BEGIN INFORMATION PROVIDED
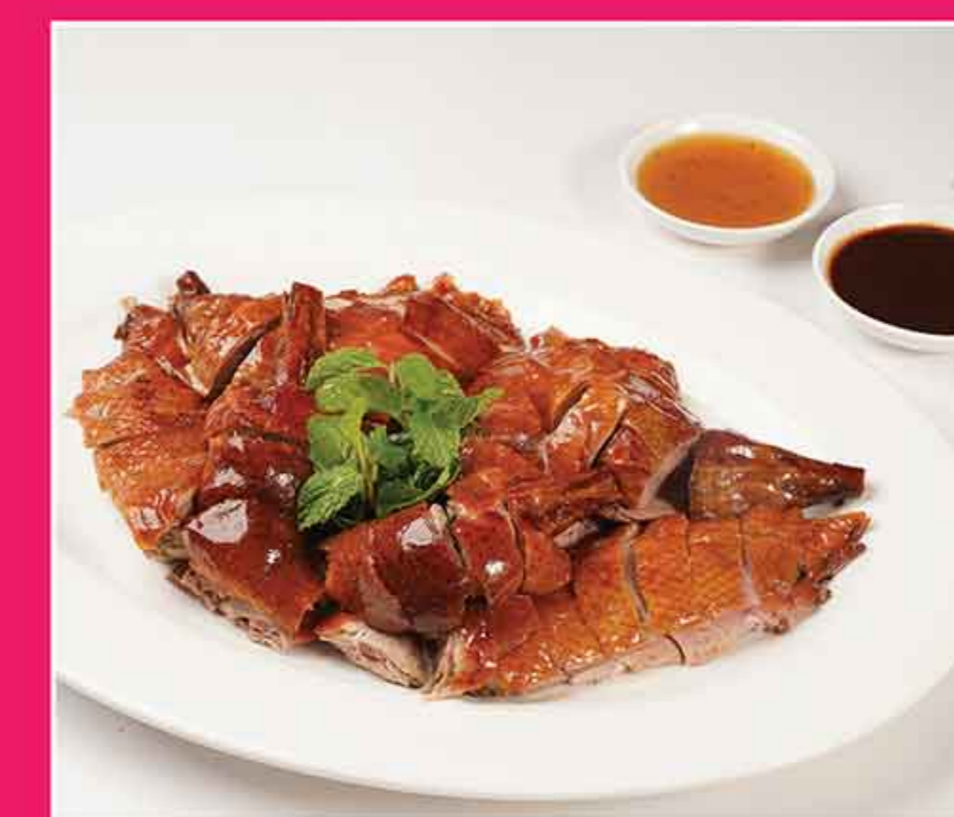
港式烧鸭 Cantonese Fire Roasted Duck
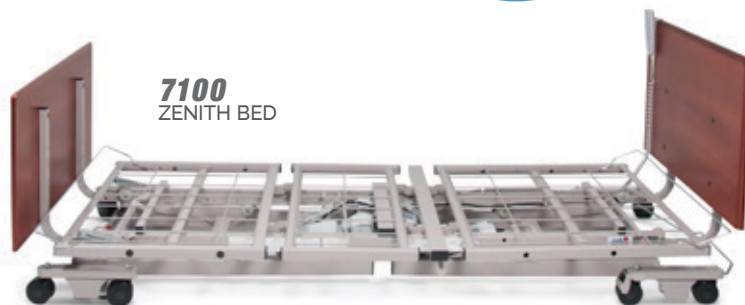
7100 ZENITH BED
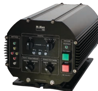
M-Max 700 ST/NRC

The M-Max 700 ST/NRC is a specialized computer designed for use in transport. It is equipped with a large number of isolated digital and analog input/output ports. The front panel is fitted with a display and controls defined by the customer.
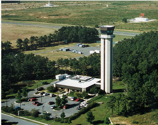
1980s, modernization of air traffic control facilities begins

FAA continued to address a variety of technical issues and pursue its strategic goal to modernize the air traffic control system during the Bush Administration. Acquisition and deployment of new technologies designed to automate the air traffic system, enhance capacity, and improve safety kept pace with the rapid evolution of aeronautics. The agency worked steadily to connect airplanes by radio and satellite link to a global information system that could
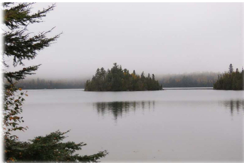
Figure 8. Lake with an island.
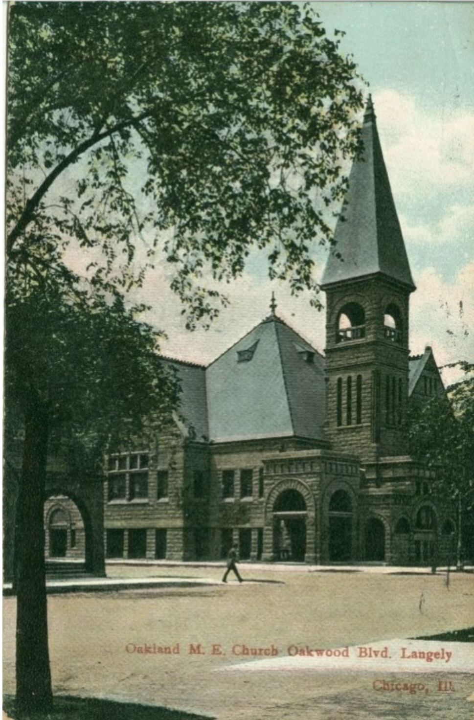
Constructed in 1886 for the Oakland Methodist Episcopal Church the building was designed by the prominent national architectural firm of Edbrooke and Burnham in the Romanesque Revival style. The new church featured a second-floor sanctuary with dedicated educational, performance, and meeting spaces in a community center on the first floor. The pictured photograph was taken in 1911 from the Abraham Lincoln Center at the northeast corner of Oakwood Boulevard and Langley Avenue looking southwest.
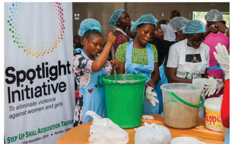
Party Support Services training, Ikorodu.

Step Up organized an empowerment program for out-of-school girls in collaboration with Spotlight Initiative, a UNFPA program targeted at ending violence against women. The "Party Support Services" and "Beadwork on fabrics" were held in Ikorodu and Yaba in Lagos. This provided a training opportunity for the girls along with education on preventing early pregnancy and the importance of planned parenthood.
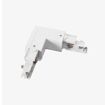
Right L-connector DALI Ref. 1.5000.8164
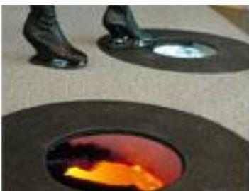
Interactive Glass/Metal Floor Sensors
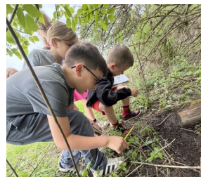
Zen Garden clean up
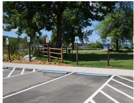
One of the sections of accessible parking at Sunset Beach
END INFORMATION PROVIDED
WORK ORDER: Repeat the material above in full and exactly, omitting the pictures.

SOLUTION TO THIS TASK:
港式烧鸭 Cantonese Fire Roasted Duck
7100 ZENITH BED
M-Max 700 ST/NRC

The M-Max 700 ST/NRC is a specialized computer designed for use in transport. It is equipped with a large number of isolated digital and analog input/output ports. The front panel is fitted with a display and controls defined by the customer.
1980s, modernization of air traffic control facilities begins

FAA continued to address a variety of technical issues and pursue its strategic goal to modernize the air traffic control system during the Bush Administration. Acquisition and deployment of new technologies designed to automate the air traffic system, enhance capacity, and improve safety kept pace with the rapid evolution of aeronautics. The agency worked steadily to connect airplanes by radio and satellite link to a global information system that could
Figure 8. Lake with an island.
Constructed in 1886 for the Oakland Methodist Episcopal Church the building was designed by the prominent national architectural firm of Edbrooke and Burnham in the Romanesque Revival style. The new church featured a second-floor sanctuary with dedicated educational, performance, and meeting spaces in a community center on the first floor. The pictured photograph was taken in 1911 from the Abraham Lincoln Center at the northeast corner of Oakwood Boulevard and Langley Avenue looking southwest.
Party Support Services training, Ikorodu.

Step Up organized an empowerment program for out-of-school girls in collaboration with Spotlight Initiative, a UNFPA program targeted at ending violence against women. The "Party Support Services" and "Beadwork on fabrics" were held in Ikorodu and Yaba in Lagos. This provided a training opportunity for the girls along with education on preventing early pregnancy and the importance of planned parenthood.
Right L-connector DALI Ref. 1.5000.8164
Interactive Glass/Metal Floor Sensors
Zen Garden clean up
One of the sections of accessible parking at Sunset Beach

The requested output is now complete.